I Am A Bird Now - Antony and the Johnsons

Look at Amazon's best-seller list today, little over a week after the winner of the Mercury Music Prize was announced, and you'll see that I Am A Bird Now by Antony and the Johnsons is second only to David Gray's Life in Slow Motion. There's a sweet irony in the fact that an album written and performed by an androgynous, openy gay cabaret artist - an album pierced with emotion, delving into difficult transgender themes - is outselling The Rolling Stones and much safer, easier options by the likes of KT Tunstall and James Blunt. The Mercury Prize is much-maligned (and as Antony himself said, the diversity of the twelve albums shortlisted made it "like a contest between an orange, a spaceship, a potted plant and a spoon"), but if it brings music like this to the public consciousness it is not without merit.

Antony was born in England and grew up in California. Aged 12, he found inspiration on the cover of Culture Club's Kissing to be Clever. "I saw my reflection in Boy George," he told The Daily Telegraph. "I realised that's what we do when we're like this. We become singers." He moved to New York after seeing the Mondo New York documentary and finding himself drawn to the cabaret scene it depicted, receiving a grant for performance art and showcasing his talents at the Pyramid Club in the city's East Village. In time, he formed Antony and the Johnsons, releasing a self-titled debut in 2000, followed by a string of EPs and this second, Mercury-winning full-length. It is by no means an easy listen, but it's one of the most rewarding efforts of the year so far by quite some distance.

The sleevenotes reflect the themes of the record and were intended to guide people through its ideas. On the front cover is Peter Hujar's photo Candy Darling On Her Deathbed, taken at New York's Cabrini Hospital the night the drag queen died from leukaemia (Hujar himself died of AIDS in the late 80s). Inside is a photograph of a woman called Page, described by Antony as the Candy Darling of his generation - an avant-garde, surrealist transexual friend of the singer who died from a drug overdose - also in the Cabrini Hospital - in 2002. The album is dedicated to her. The rest of the artwork is made up of items Antony found himself, including a calendar from an abaondoned prison cell in Philadelphia and letters taken from a medical journal on sex reassignment and hermaphrodism. They were written by a transgendered child and read: "Father, I got to B a boy. Mother, I got to B a boy." In the same childlike scrawl on the CD is the plea: "Dear Dr., I do not want to be a boy. I want to be a girl."
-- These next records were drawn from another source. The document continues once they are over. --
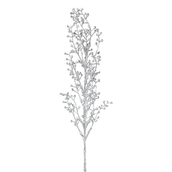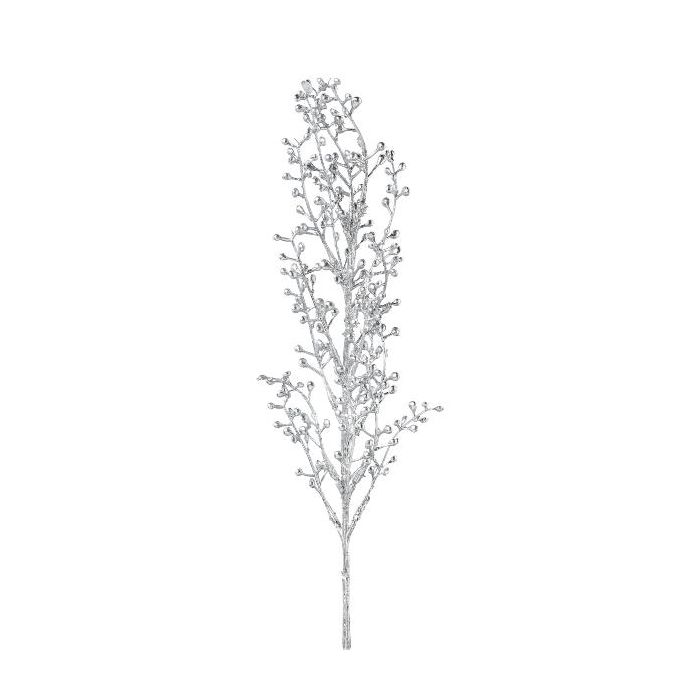 Decorative gaultheria branch BLERTO, berries, silver, 22"/55cm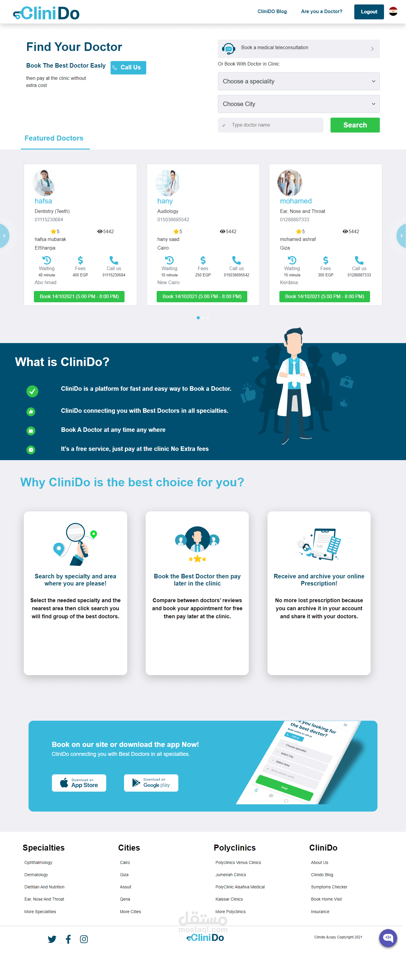 CliniDo is a medical Website App that Allows the user to choose the category, the doctor and the city.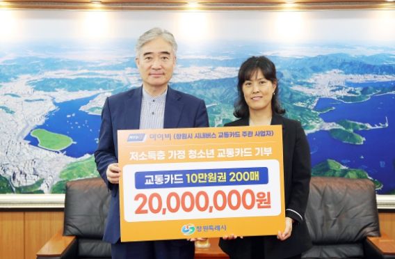 [제주교통복지신문 김강석 기자] 창원특례시는 창원시 시내버스 교통카드시스템 주관 사업자인 ㈜마이비에서 관내 저소득층 가정 청소년의 등하굣길 지원을 위해 교통카드 10만원권 200매(2천만원 상당) 지원 기탁식을 12일 제2부시장실에서 가졌다고 밝혔다.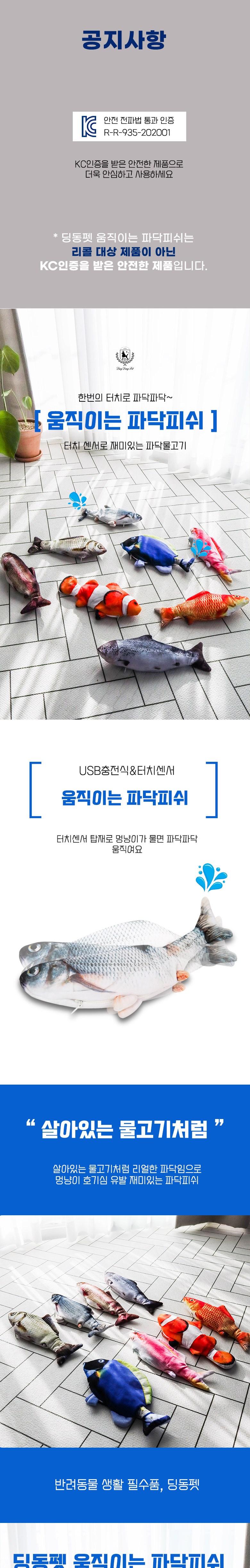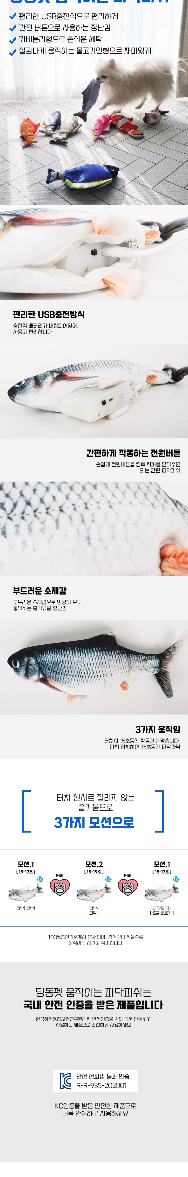 | 품명 및 모델명 | 딩동펫 움직이는 파닥피쉬 | 인증/허가 사항 | 본품: R-R-935-202001, 전지: YU101243-20001 |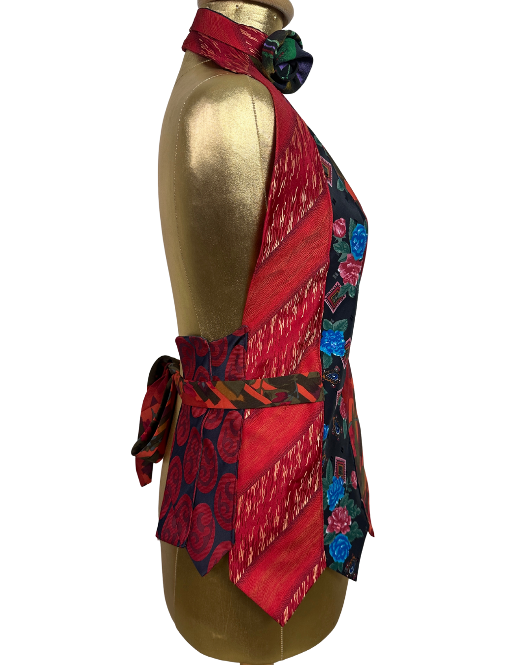 This one-of-a-kind halter vest top is part of our upcycled ReTied Collection and handmade from vintage neckties in red, blue and violet floral patterns. Designed with a deep V-cut front and fitted panels, it’s secured at the waist with a decorative silver-tone clasp closure. Comes with a matching choker featuring a handmade fabric flower detail. A back tie closure makes it adjustable and comfortable to wear.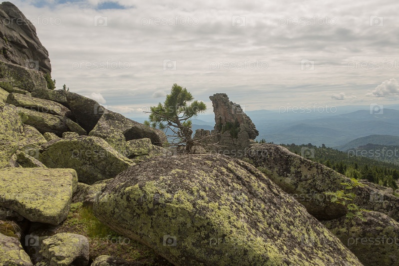 Большие камни курума лежат в лесу в горах, камни покрытые мхом, на фоне леса, горный пейзаж, высоко в горах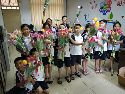 课间,学生们把亲手制作包装的手工花带上,向着老师的办公室奔跑出发,每个人都非常希望快一点把自己的心意通过今天传达给老师。李同学说“我今天好开心啊,希望老师收到花会很高兴。”;黄同学说“我要把最喜欢的颜色送给老师。”

This imagery is reflected throughout the album, which feels like a very personal, intimate piece of work. It deals with gender confusion, identity and eventual self-realisation, starting in utter pathos and climaxing in triumph, Antony's bird flying high and free. From the moment his voice hangs trembling in the air on wistful, yearning opener Hope There's Someone to the glorious, celebratory soar of closing track Bird Guhl - on which he sings "I've been searching / For my wings some time / I'm gonna be born / Into soon the sky" - it's impossible not to be transfixed by this strange, soulful character and his arresting, elegant music.

Some of it is uncomfortable, painful stuff - on My Lady Story, Antony sings of breast amputation and annihilation; Fistfull of Love juxtaposes a swaying soul track with brutal, violent metaphors ("I feel your fists / And I know it's out of love") - but there's hope here, too, and on For Today I Am A Boy the tone is elated, proud; Antony declaring that "One day I'll grow up / Be a beautiful woman".

Several of Antony's peers and heroes join him on the album: Lou Reed and Devendra Banhart contribute introductions to Fistfull of Love and Spiralling respectively, Boy George duets on the gorgeous You Are My Sister and Rufus Wainwright takes lead vocals on What Can I Do?. But accomplished though they all are, these singers are outshone by Antony, whose enigmatic, searching voice punctuates the album with a hypnotic, otherworldly quality. It's testament to his talent that not one of these heavyweights even attempts to steal the limelight.

I Am A Bird Now's themes might not be mainstream, but there's no denying that voice; vulnerable and powerful at the same time, it's neither male nor female and has a raw, emotional edge that not everyone will appreciate. If it gets you in its grip, though, it really gets you - and that, for me, makes it one of the most compelling and spellbinding releases of 2005 so far. Spine-tingling.